Representing local protein environments with atomistic foundation models

TL;DR

This work proposes a novel representation for a local protein environment derived from the intermediate features of atomistic foundation models (AFMs) that effectively captures both local structure and chemical features, and enables a first-of-its-kind physics-informed chemical shift predictor that achieves state-of-the-art accuracy.

Abstract

The local structure of a protein strongly impacts its function and interactions with other molecules. Therefore, a concise, informative representation of a local protein environment is essential for modeling and designing proteins and biomolecular interactions. However, these environments' extensive structural and chemical variability makes them challenging to model, and such representations remain under-explored. In this work, we propose a novel representation for a local protein environment derived from the intermediate features of atomistic foundation models (AFMs). We demonstrate that this embedding effectively captures both local structure (e.g., secondary motifs), and chemical features (e.g., amino-acid identity and protonation state). We further show that the AFM-derived representation space exhibits meaningful structure, enabling the construction of data-driven priors over the distribution of biomolecular environments. Finally, in the context of biomolecular NMR spectroscopy, we demonstrate that the proposed representations enable a first-of-its-kind physics-informed chemical shift predictor that achieves state-of-the-art accuracy. Our results demonstrate the surprising effectiveness of atomistic foundation models and their emergent representations for protein modeling beyond traditional molecular simulations. We believe this will open new lines of work in constructing effective functional representations for protein environments.

Figures (16)

• Figure 1: Proposed construction of canonical local protein environment descriptors and their use. Machine learning force field (MLFF) models are pre-trained as energy and force regressors on databases of DFT-calculated energies, enabling them to learn zeroth, first, and second order latent representations of interatomic interactions.

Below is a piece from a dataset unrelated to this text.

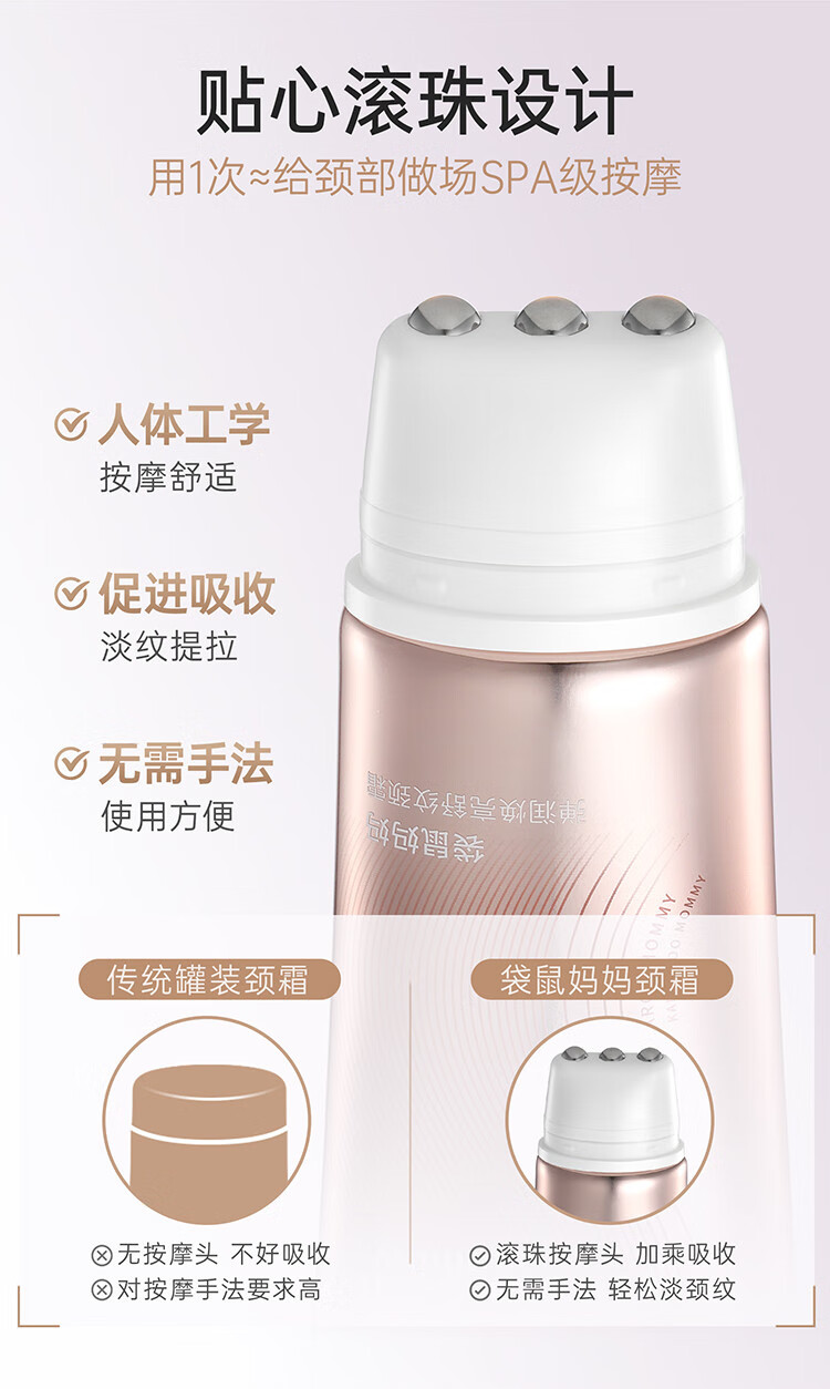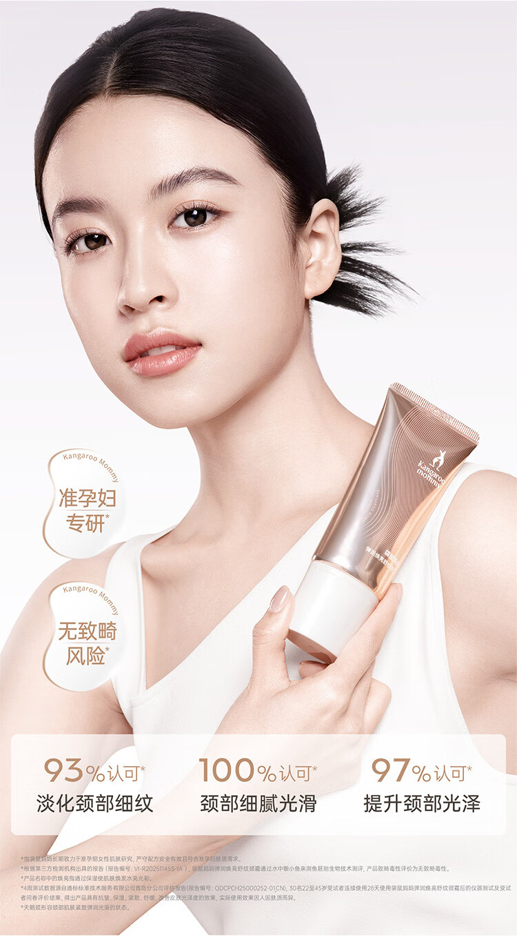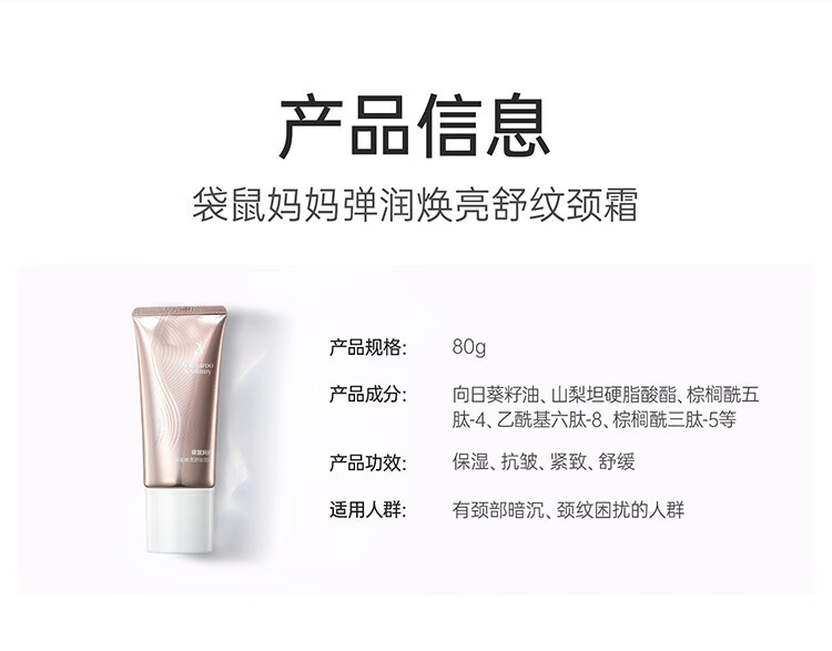 袋鼠妈妈(Kangaroo Mommy)颈纹霜紧致去颈纹脖子提拉颈部保养抗皱按摩颈纹霜 【单支装】舒纹颈霜80g+树莓身体乳10g

We embed local protein environments by extracting latent embeddings from pre-trained MLFFs for a focus residue and all atoms within a $5$Å radius of the residue. These embeddings are then mapped onto the atoms of the focus residue to construct canonical environment descriptors which can be used in downstream models for transfer learning to predict diverse chemical properties.
• Figure 2: MACE embedding space reveals meaningful structural and chemical information. Depicted are two-dimensional UMAP coordinates of $165,913$ protein environments from $1327$ non-redundant chains predicted by AlphaFold2 jumper2021highly, labeled left-to-right, top-to-bottom according to the DSSP secondary structure class (Table \ref{['tab:ss_codes']}), amino acid chemical identity, the pair of backbone dihedral angles $(\phi, \psi)$, and CA secondary chemical shift (relative to a random coil).
• Figure 3: Chemical shift prediction errors for different atom types evaluated on a test set of $132,228$ environments from $203$ non-redundant BMRB records with experimentally determined chemical shifts used as the reference. The median prediction error in ppm and the $25\%-75\%$ (boxes) and $5\%-95\%$ (whiskers) confidence intervals are depicted.
• Figure 4: Synthetic example showing the influence of a phenylalanine sidechain aromatic ring on surrounding chemical shifts.A. The magnitude of change of backbone CA chemical shifts over different ring orientations as predicted using the proposed MACE-based predictor (left) and UCBShift-X (right). A $7$Å sphere indicates the radius from the ring center at which the influence of the ring current is expected to become negligible. Note that UCBShift-X predicts much longer-range, albeit small, ring influence extending beyond $20$Å. B. Locations of three nearby CA atoms; and C. their predicted chemical shifts vs. the ring orientation. Note the smooth $180^\circ$-periodic behavior of the MACE shift prediction and the decay of the effect scale with the distance from the ring.
• Figure 5: Lower likelihood environments result in larger chemical shift prediction error. Chemical shift prediction accuracy of CA (left) and N (right) atoms stratified by the KDE-estimated likelihood of the corresponding MACE descriptors. Depicted are the median and $25\%$-$50\%$ confidence intervals. Higher-likelihood environments correspond to lower prediction error and can be used as an uncertainty measure.